The management of COPD involves muscle-strengthening physical therapy, and respiratory exercise therapy, and avoidance of disease-inducing factors (e.g. tobacco use), in addition to drug-based treatment.

 

Stable COPD treatment consists of drug and non-drug approaches. Drug therapy in COPD is used to reduce symptoms, frequency and severity of exacerbations, and to increase exercise capacity and quality of life.

 

In drug therapy, drugs are used such as "bronchodilators" (anticholinergic drugs and/or beta-2 agonists) that expand the airways and facilitate breathing, corticosteroids against inflammation of the respiratory tract and/or drugs in spray or powder form containing both drug groups in metered dose inhaler combinations.

 

In severe cases where respiratory failure (inadequate breathing resulting in inability to provide oxygen to the body) develops, oxygen therapy delivered using a nasal tube can be added to these treatments. Endoscopic or surgical interventions are potential treatment options for some patients.

 

Reference:

  Türk Toraks Derneği KOAH Koruma, Tanı ve Tedavi Raporu 2017

  GOLD 2021 Report

 

 

Treatment of Rhinitis

 

In treatment of allergic and non-allergic rhinitis, drug treatment and avoidance of allergens that trigger the symptoms are essential. Thus, complaints of many patients can be controlled. The most commonly used drugs are antihistamines and nasal sprays containing cortisone. Particularly if used in ‘Seasonal Allergic Rhinitis’ prior to exposure to pollen, this period may continue with milder symptoms.
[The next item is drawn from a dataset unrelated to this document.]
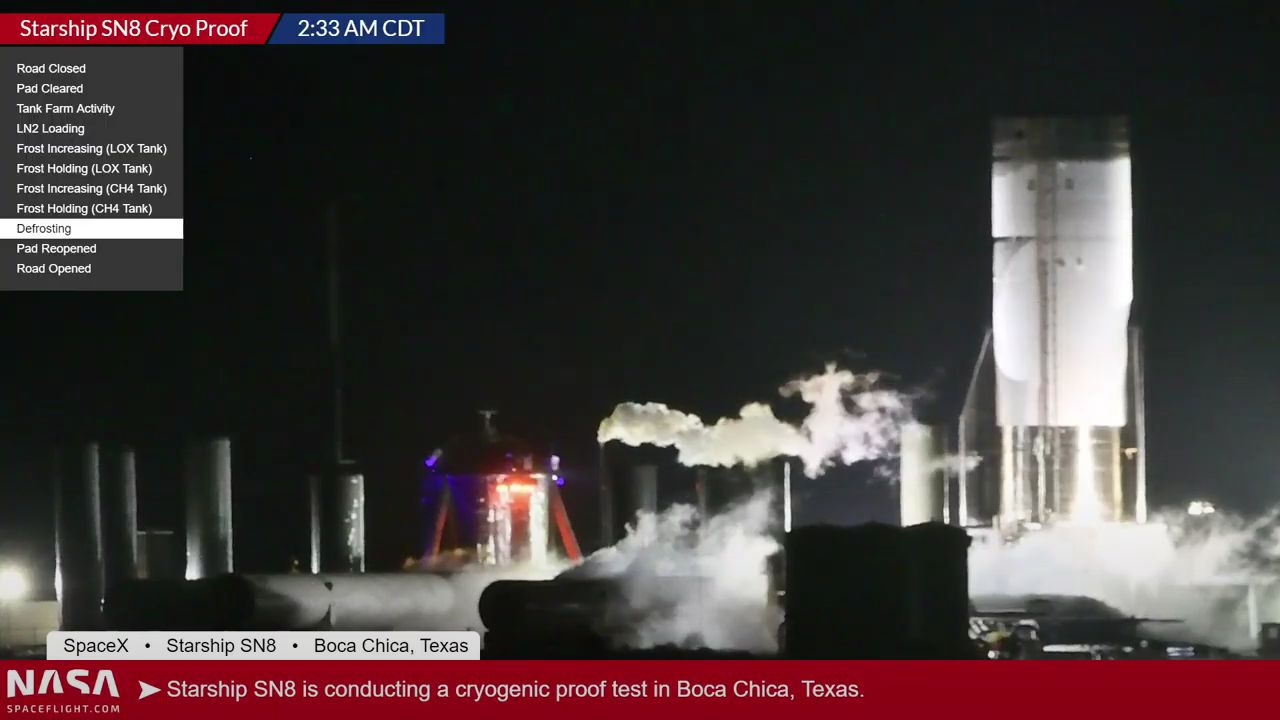 Сегодня ночью опять тестировали SN8. Тест окончен - надеюсь в этот раз уж точно все ОК.

However, all these medications should definitely be prescribed by the physician by evaluating the severity of the disease and the clinic of the patient.
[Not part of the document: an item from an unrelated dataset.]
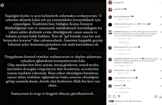 “Duygularımı kontrol etmekte zorlanıyorum ve olayları anlatmaya çalışırken ağlamaktan konuşamıyorum hala. Olay anından beri beni arayan, mesaj gönderen, sosyal medya üzerinden desteğini esirgemeyen tüm dostlarıma, sevenlerime sonsuz teşekkür ediyorum.

Aside from drug treatment, causative allergen can be determined and allergy vaccination can be used for the treatment in some cases.

 

Reference:

 ARIA kılavuzu 2019

 

 

Today and tomorrow of Chiesi in Respiration

 

As Chiesi, we focus on innovative treatment solutions in order to offer to patients more than just drug therapy and manage our R&D processes accordingly. For this, we aim to facilitate the inhalation of the medication, reduce the use of multiple medications, support our patients by focusing on solutions to deliver the inhaled drug to the lungs in the most appropriate way, and therefore, increase their quality of life.